第118章 爭分

  第120章 爭分

  興平二年夏,谷水東岸的清晨尚帶著幾分涼意,薄霧尚未完全散盡。一騎趙雲摩下的常山游哨正沿河岸巡視,突然聽見前方山林中傳來異響。他立即勒馬戒備,手中環首刀已然半出鞘。

  只見一個身影踉蹌著從林間衝出,幾乎是滾落坡下。那人衣衫被荊棘劃得破爛不堪,滿身塵土,臉色慘白如紙,唯有腰間那柄制式短刀顯示著他並非尋常百姓。

  

  「是——夏侯軍侯!」游哨認出那張雖憔悴卻熟悉的臉,正是先遣營的夏侯博。他急忙下馬衝過去,發現夏侯博已經虛弱得站立不穩,嘴唇乾裂出血痕,眼皮沉重地耷拉著,仿佛下一秒就要徹底閉上。但當游哨覺得他要昏厥過去時,夏侯博身體突然一個激靈,猛地強行睜開,那渙散目光中透出的決絕,讓游哨心頭一震。

  「急報——速帶我去見益德將軍——和紀先生——」夏侯博的聲音嘶啞得幾乎聽不清,卻死死抓住游哨的臂膀。

  游哨不敢怠慢,立即吹響了示警的號角,同時將夏侯博扶上自己的戰馬,另一名聞聲趕來的騎兵則飛快趕往大營報信。

  此刻,距夏侯博從相縣亡命出發,已過去將近十個時辰。
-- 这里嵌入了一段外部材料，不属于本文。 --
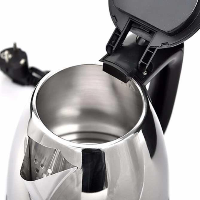 Thân ấm xoay bằng thép không gỉ sáng bóng, tự động ngắt khi nước sôi. Rơ le bảo vệ khi cạn nước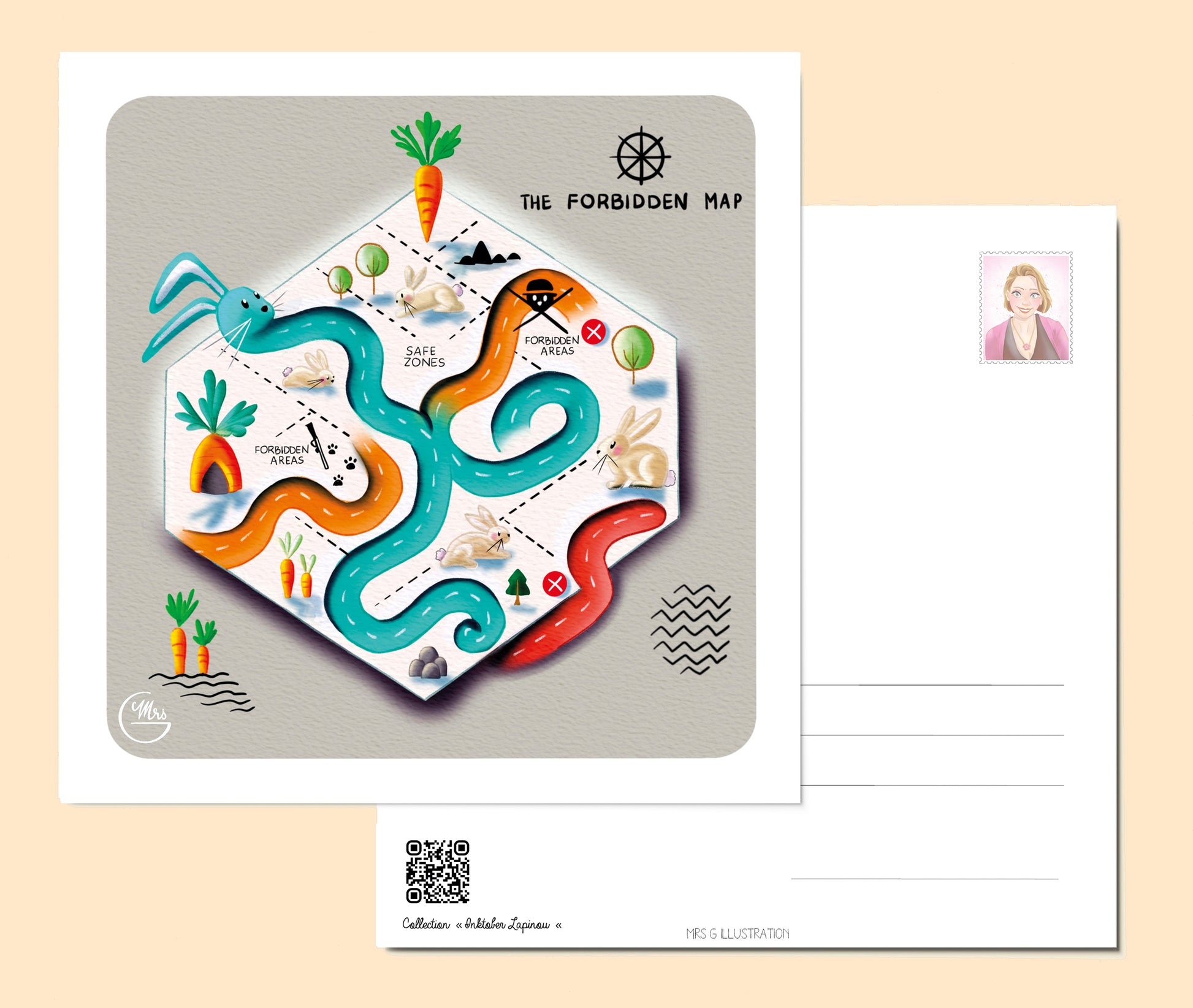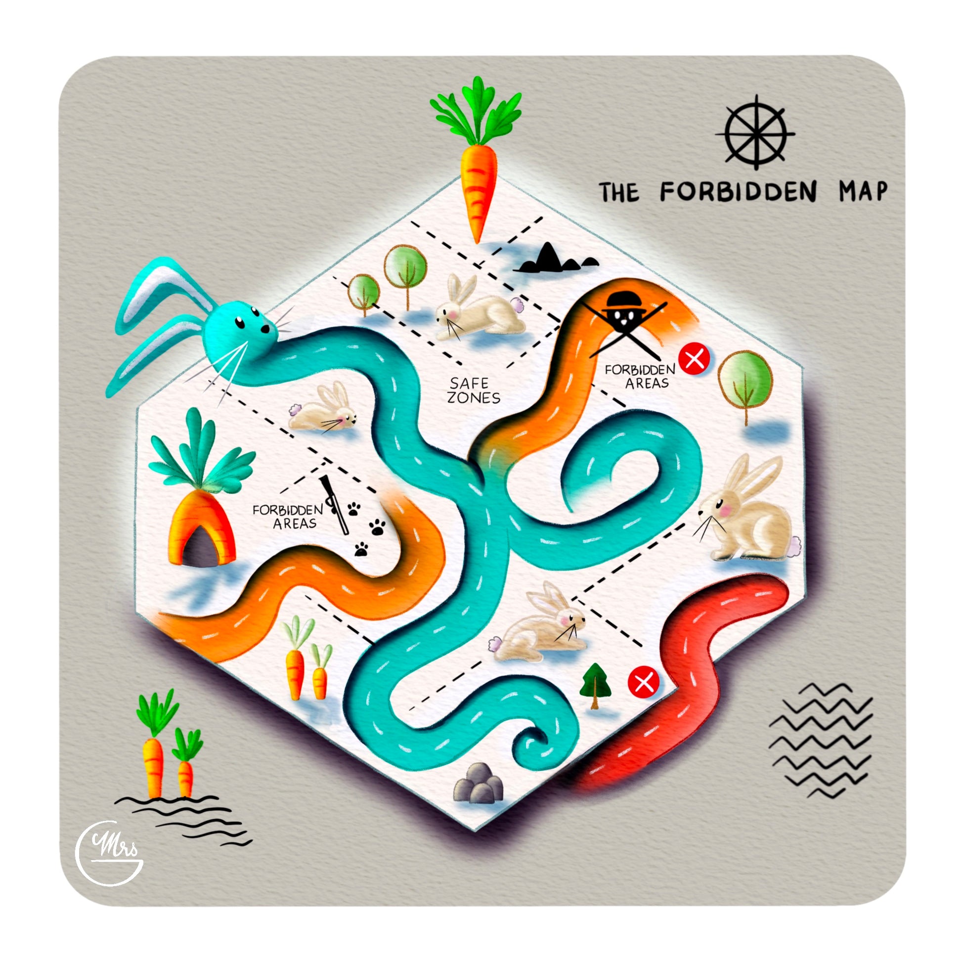 Cette illustration capture un moment intrigant avec une carte détaillée, spécialement conçue pour les aventuriers lapins. La carte montre des zones interdites aux lapins, marquées de petits symboles d’avertissement, et des chemins secrets permettant de s’échapper de ces zones interdites. Des décorations thématiques – comme des petites empreintes de pattes, des carottes dessinées, et des icônes de terriers – ajoutent une touche ludique et familière pour nos amis lapins.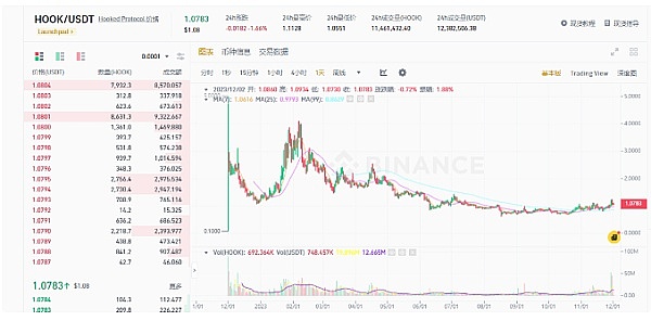 在代币价格方面,我们可以看到HOOK在上线币安之后,代币价格出现了先涨后跌的走势,这主要是早期获利盘出逃所导致的。但是代币价格也经过了10个月左右的盘整,主力基本完成了吸筹操作,交易量和价格也在近期由逐步放大的趋势,也就是有可能会在近期迎来一波拉升。
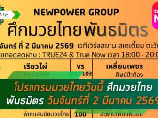 โปรแกรมมวยไทยวันนี้ ศึกมวยไทยพันธมิตร วันจันทร์ที่ 2 มีนาคม 2569 เริ่ม 18.00 น. เวทีมวยเวิลด์สยาม ตะวันนา บางกะปิ ถ่ายทอดสด True4U พร้อมลิ้งก์ดูมวยออนไลน์ผ่าน BANKEELA รวมคู่ชกครบทุกไฟต์ในหน้าเดียว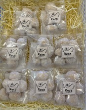 ひとつひとつ手作り自然解凍して一番美味しい状態になるように材料の配分や焼き時間などを調整しようやく完成した原材料にも味にもこだわったRecoオリジナル商品

他不眠不休,憑藉對地形的熟悉和過人的毅力,專挑最難行走的山林小徑,以近乎直線的方式拼死趕回。其速度之快,竟比他昨日派出的何項還要早一步抵達蕭縣大營。

  當兩名親兵攙扶著近乎虛脫的夏侯博跌進中軍大帳時,正在商議軍情的張飛、太史慈、趙雲、紀清、諸葛瑾和陳群全都站了起來。看到夏侯博這般模樣,每個人的心頭都猛地一沉若非天大的事,素來沉穩的先遣營軍侯絕不會狼狽至此。

  「益德將軍——紀先生——」夏侯博幾乎是榨乾肺里最後一絲氣力,聲音雖弱,卻字字如錘,「相縣——袁術主簿閻象——及其子袁曜——俱在相縣!呂布——袁術勾結——意在徐州!」

  他斷斷續續地將這十個時辰里亡命狂奔、翻越山嶺所帶來的驚天密謀—呂布牽制、

  袁術精兵借道沛國、沿雎水奇襲下邳的毒計和盤托出。

  「什麼?!」

  張飛一拳重重砸在面前的簡易木案上,發出「砰「的一聲悶響,整個人霍然起身,胸膛劇烈起伏。紀清面色驟變,太史慈按在劍柄上的手驟然握緊,趙雲眼神一厲如鷹隼,連一向沉穩的諸葛瑾與陳群,都在這一剎相顧失色眾人無不感到一股寒意,汗毛倒豎!

  這突如其來的噩耗讓帳中一時間只剩下粗重的喘息聲。待最初的震驚稍緩,那計謀中蘊含的致命才緩緩纏上每個人的心頭。

  此計精準地擊中了徐州所有人思維的盲區。

  其一,竹邑乃呂布轄地,其麾下并州軍以鐵騎陷陣聞名,何曾擅長水戰?誰也未曾想過,敵人會以此處作為水軍進發的跳板。


  其二,自興平初年廣陵一役後,袁術麾下的橋蕤、張勳便近乎銷聲匿跡,眾人的注意力皆被活躍於前線的紀靈所吸引,幾乎遺忘了這兩員統兵大將的存在。

  其三,亦是最關鍵的一點,誰能料到呂布與袁術的勾結竟深至如此地步?以呂布之猜忌,竟會敞開自家門戶,放任袁術大軍假道?這完全超乎了常理推演的範疇。

  正因這三點,這條沿雎水順流東下,直搗黃龍的捷徑,在徐州所有戰略推演中,都被視為不可能,從而被徹底忽略。而此刻,這最不可能的一擊,正向著徐州毫無防備的心臟襲來。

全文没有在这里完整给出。